I stroke my shaved head, and say "Thin
- like this?" He stops, looks at me
for a second, puts a hand on my shoulder
and says "No; not that thin son...."
He's grinning - a bit of humor goes a long
way with strangers.
We talk a little more, he's in the process
of setting up a command post for the local
firefighters. Nobody knows which way the
fires will move, or if lightning will spark
more fires, and everybody's on edge. I thank
him for the info, wish him good luck with
the fires, and then we're out of there.
We head south towards the ghost town / former
mining town of Mogollon, via US-180. I explain
to Sharon that I think the haze in the air
is due to the fires, the sky is normally
very clear out here.
The last time I'd been this way was 1984,
I was 21 years old and northbound on a brand-new
Kawasaki GPz-550, riding it for all it was
worth. Now I realize that I didn't see much
scenery riding that way, concentrating on
the road - there's no time to sightsee when
you're exploring limits and watching for
police cars that could be anywhere. What
was I thinking back then? This is a very
pretty part of New Mexico - high desert,
medium sized mountains, curvy roads. I guess
priorities change, and we all grow up eventually.
We get to the turnoff for Mogollon. Back
in 1984, the road started off as pavement
and then slowly turned to dirt before reaching
Mogollon. A GPz-550 at 425 lbs. makes an
acceptable adventure tourer on dirt roads,
fun even. But the map shows pavement all
the way to Mogollon now, which is a relief.
I'm not a big enough man to ride the fully-loaded
Concours as a dirt bike.
But it turns out we can't get to Mogollon.
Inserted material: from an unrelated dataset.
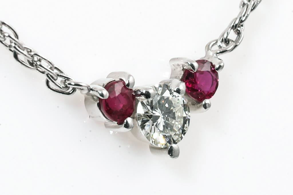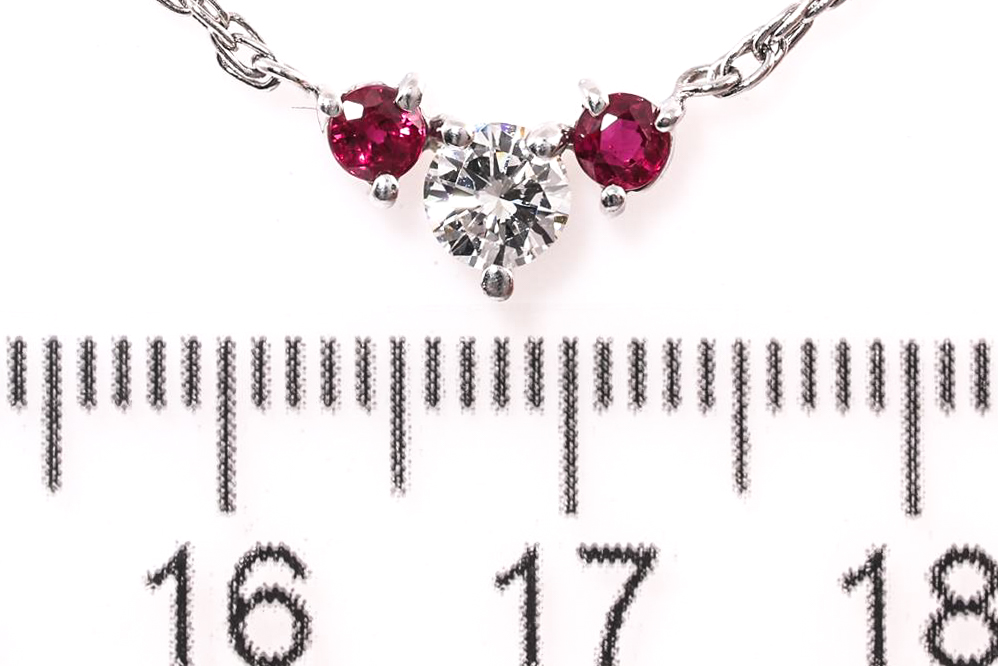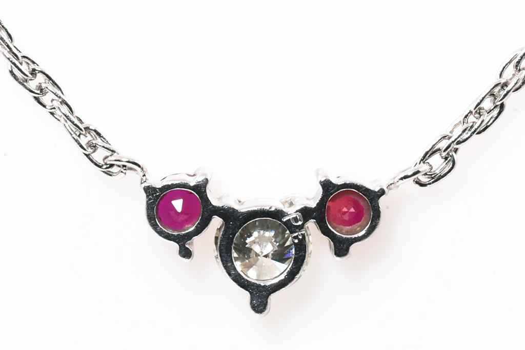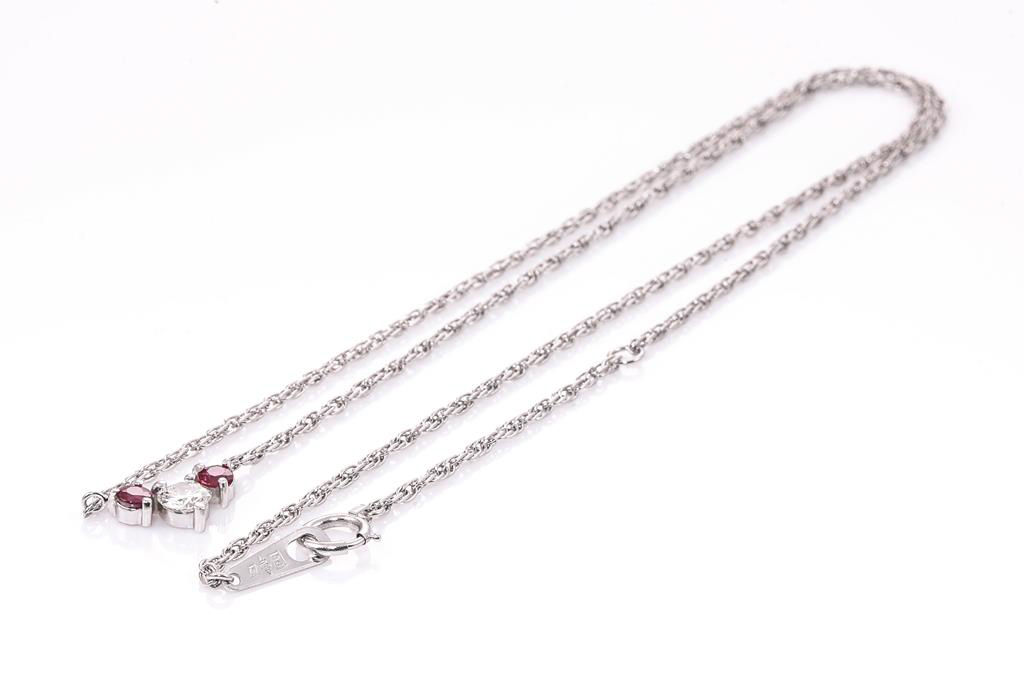Ruby and Diamond pendant with round Rubies totalling approximately 0.20cts and a round Diamond of approximately 0.30ct (Estimated grading: I VS). Platinum with attached chain. Adjustable max length: 43cm Weight: 4.1g (Pre-owned)

About 3 miles in, the road is closed. No
explanation, so we assume it's due to fire
danger or smoke. Given the severity of the
fire threat, we don't cross the barriers.
Another time, and I'd be tempted, but I don't
think anybody here would have a sense of
humor about an out-of-state tourist crossing
a fire line on a motorcycle. We return the
way we came, back to US-180.
We continue south to Glenwood, and stop at
the general store / gas station there for
cold drinks. The ice-water in our drinking
bladders is nice, but sometimes cold fruit
juices are even better. We each have a can
of fruit juice in the general store.
While there, a BMW R11GS pulls up to the
pump. I talk with the riders, a man and woman
from Hawaii. They bought the bike via the
Internet, it was exactly as represented,
they flew into some town back east to pick
it up and have been touring the States since
then. Their tour is almost done, after which
the GS will reside in Los Angeles where they
can access it for more summer rides as time
permits. Cool plan, I'm jealous..!
They tell me about some hot springs in the
area, primitive ones, they hope to find them
and take a dip. Hot springs don't sound good
to me when I'm already hot, so I wish them
luck and then listen to the engine when they
leave... The air-compressor exhaust note
of an Oilhead BMW twin may not be exciting
the way a Ducati or inline-four is exciting,
but for me it brings back lots of good memories
of when I rode an Oilhead.
We get to the turn-off for Mule Creek and
Mule Creek Pass. It's very HOT out at this
point, we're sucking on our ice water in
the bladders as we roll along, and that's
about the only thing that makes the riding
tolerable. I'm not usually one to complain
about heat or cold, but there are limits;
and if it were just a bit hotter I'd find
a motel room, sleep till dark, and then make
a run into Phoenix by night. We scratch Silver
City and the Gila Cliff dwellings off our
list, it's just too far. We need to be in
Scottsdale tonight.
We turn west to Mule Creek Pass. Along the
way, there's no way to forget about the fires,
signs at every point that you enter National
Forest lands remind you that the forests
are closed due to extreme fire danger - that
all trailheads and access points and scenic
overlooks and roadside rests and picnic areas
are CLOSED. In other words, don't stop. Don't
pull off the road for a picture or a picnic.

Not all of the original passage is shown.